* **Task to complete**: Reproduce verbatim all of the data given below, but do not carry over the images.

* **Information shown**:
------------------------
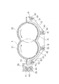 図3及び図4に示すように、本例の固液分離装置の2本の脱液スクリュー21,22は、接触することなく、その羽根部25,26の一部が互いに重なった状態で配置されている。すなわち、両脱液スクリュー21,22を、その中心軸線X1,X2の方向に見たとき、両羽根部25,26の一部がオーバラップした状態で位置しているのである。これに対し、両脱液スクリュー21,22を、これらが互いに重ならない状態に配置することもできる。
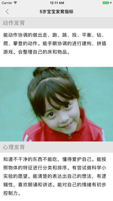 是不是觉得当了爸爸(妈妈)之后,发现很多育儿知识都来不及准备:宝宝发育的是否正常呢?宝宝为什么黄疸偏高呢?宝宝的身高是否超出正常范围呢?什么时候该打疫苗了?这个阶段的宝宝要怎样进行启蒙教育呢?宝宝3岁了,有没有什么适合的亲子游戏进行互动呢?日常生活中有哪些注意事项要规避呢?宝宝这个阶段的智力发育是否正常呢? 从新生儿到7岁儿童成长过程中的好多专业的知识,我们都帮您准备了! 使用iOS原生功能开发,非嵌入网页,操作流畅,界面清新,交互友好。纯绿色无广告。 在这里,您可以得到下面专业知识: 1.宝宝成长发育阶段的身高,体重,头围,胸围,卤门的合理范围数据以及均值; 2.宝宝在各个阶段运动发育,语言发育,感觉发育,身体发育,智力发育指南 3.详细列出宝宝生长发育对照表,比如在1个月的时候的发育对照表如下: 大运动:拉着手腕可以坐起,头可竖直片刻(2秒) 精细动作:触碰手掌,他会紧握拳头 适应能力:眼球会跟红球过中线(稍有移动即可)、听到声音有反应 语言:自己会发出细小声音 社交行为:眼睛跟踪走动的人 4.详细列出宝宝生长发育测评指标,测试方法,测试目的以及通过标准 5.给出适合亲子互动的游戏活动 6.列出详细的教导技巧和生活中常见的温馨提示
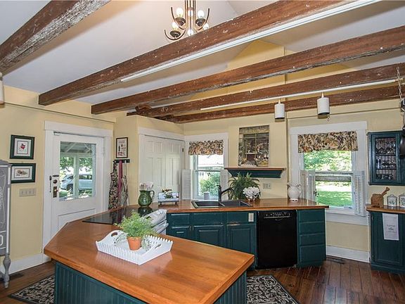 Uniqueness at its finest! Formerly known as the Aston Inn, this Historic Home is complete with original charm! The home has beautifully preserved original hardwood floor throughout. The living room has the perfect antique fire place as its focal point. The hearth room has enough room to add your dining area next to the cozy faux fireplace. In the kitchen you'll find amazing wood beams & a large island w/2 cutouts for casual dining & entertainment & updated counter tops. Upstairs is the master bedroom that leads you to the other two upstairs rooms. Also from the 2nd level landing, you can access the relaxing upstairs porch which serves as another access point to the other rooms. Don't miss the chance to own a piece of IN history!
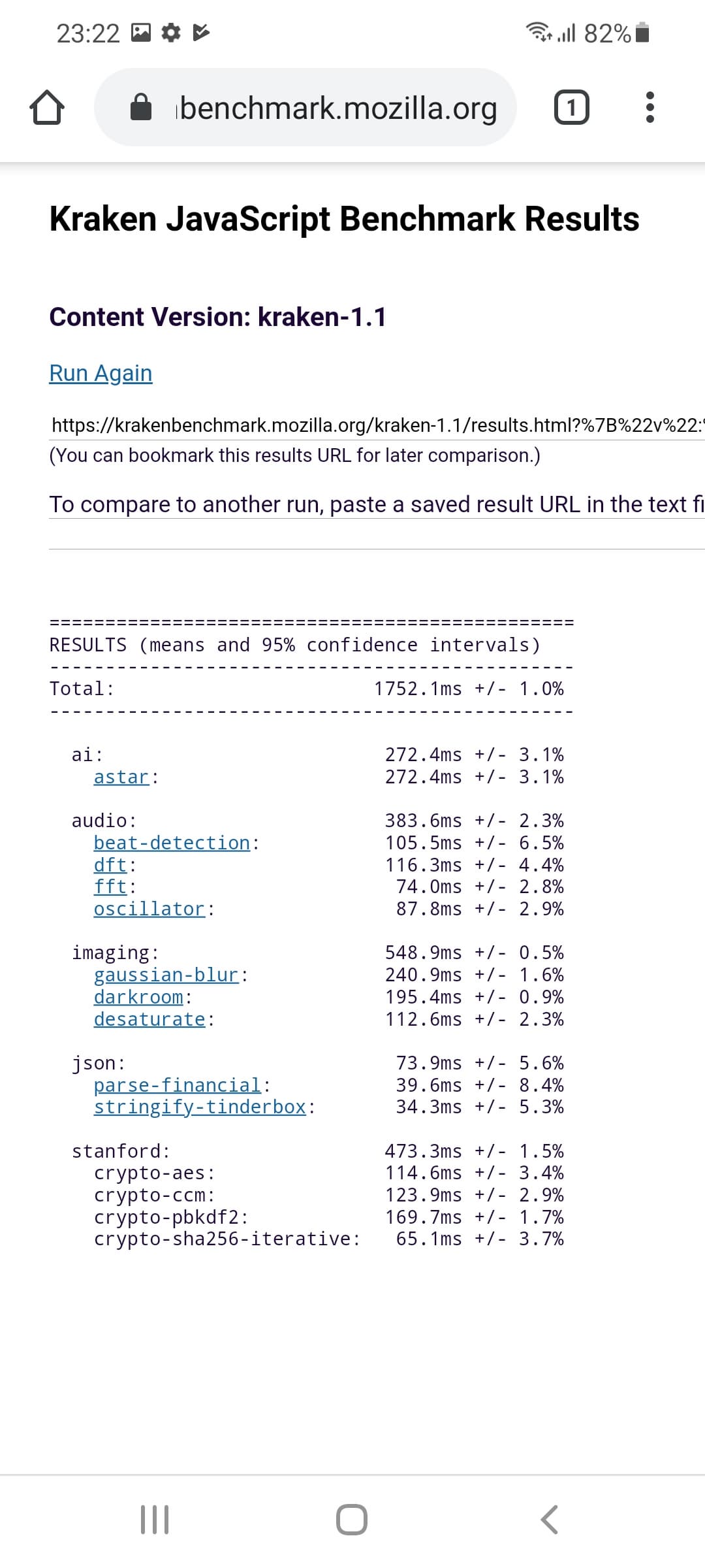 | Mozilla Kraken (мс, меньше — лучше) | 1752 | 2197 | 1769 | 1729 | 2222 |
------------------------
* **Output for this task**:
 図3及び図4に示すように、本例の固液分離装置の2本の脱液スクリュー21,22は、接触することなく、その羽根部25,26の一部が互いに重なった状態で配置されている。すなわち、両脱液スクリュー21,22を、その中心軸線X1,X2の方向に見たとき、両羽根部25,26の一部がオーバラップした状態で位置しているのである。これに対し、両脱液スクリュー21,22を、これらが互いに重ならない状態に配置することもできる。
 是不是觉得当了爸爸(妈妈)之后,发现很多育儿知识都来不及准备:宝宝发育的是否正常呢?宝宝为什么黄疸偏高呢?宝宝的身高是否超出正常范围呢?什么时候该打疫苗了?这个阶段的宝宝要怎样进行启蒙教育呢?宝宝3岁了,有没有什么适合的亲子游戏进行互动呢?日常生活中有哪些注意事项要规避呢?宝宝这个阶段的智力发育是否正常呢? 从新生儿到7岁儿童成长过程中的好多专业的知识,我们都帮您准备了! 使用iOS原生功能开发,非嵌入网页,操作流畅,界面清新,交互友好。纯绿色无广告。 在这里,您可以得到下面专业知识: 1.宝宝成长发育阶段的身高,体重,头围,胸围,卤门的合理范围数据以及均值; 2.宝宝在各个阶段运动发育,语言发育,感觉发育,身体发育,智力发育指南 3.详细列出宝宝生长发育对照表,比如在1个月的时候的发育对照表如下: 大运动:拉着手腕可以坐起,头可竖直片刻(2秒) 精细动作:触碰手掌,他会紧握拳头 适应能力:眼球会跟红球过中线(稍有移动即可)、听到声音有反应 语言:自己会发出细小声音 社交行为:眼睛跟踪走动的人 4.详细列出宝宝生长发育测评指标,测试方法,测试目的以及通过标准 5.给出适合亲子互动的游戏活动 6.列出详细的教导技巧和生活中常见的温馨提示
 Uniqueness at its finest! Formerly known as the Aston Inn, this Historic Home is complete with original charm! The home has beautifully preserved original hardwood floor throughout. The living room has the perfect antique fire place as its focal point. The hearth room has enough room to add your dining area next to the cozy faux fireplace. In the kitchen you'll find amazing wood beams & a large island w/2 cutouts for casual dining & entertainment & updated counter tops. Upstairs is the master bedroom that leads you to the other two upstairs rooms. Also from the 2nd level landing, you can access the relaxing upstairs porch which serves as another access point to the other rooms. Don't miss the chance to own a piece of IN history!
 | Mozilla Kraken (мс, меньше — лучше) | 1752 | 2197 | 1769 | 1729 | 2222 |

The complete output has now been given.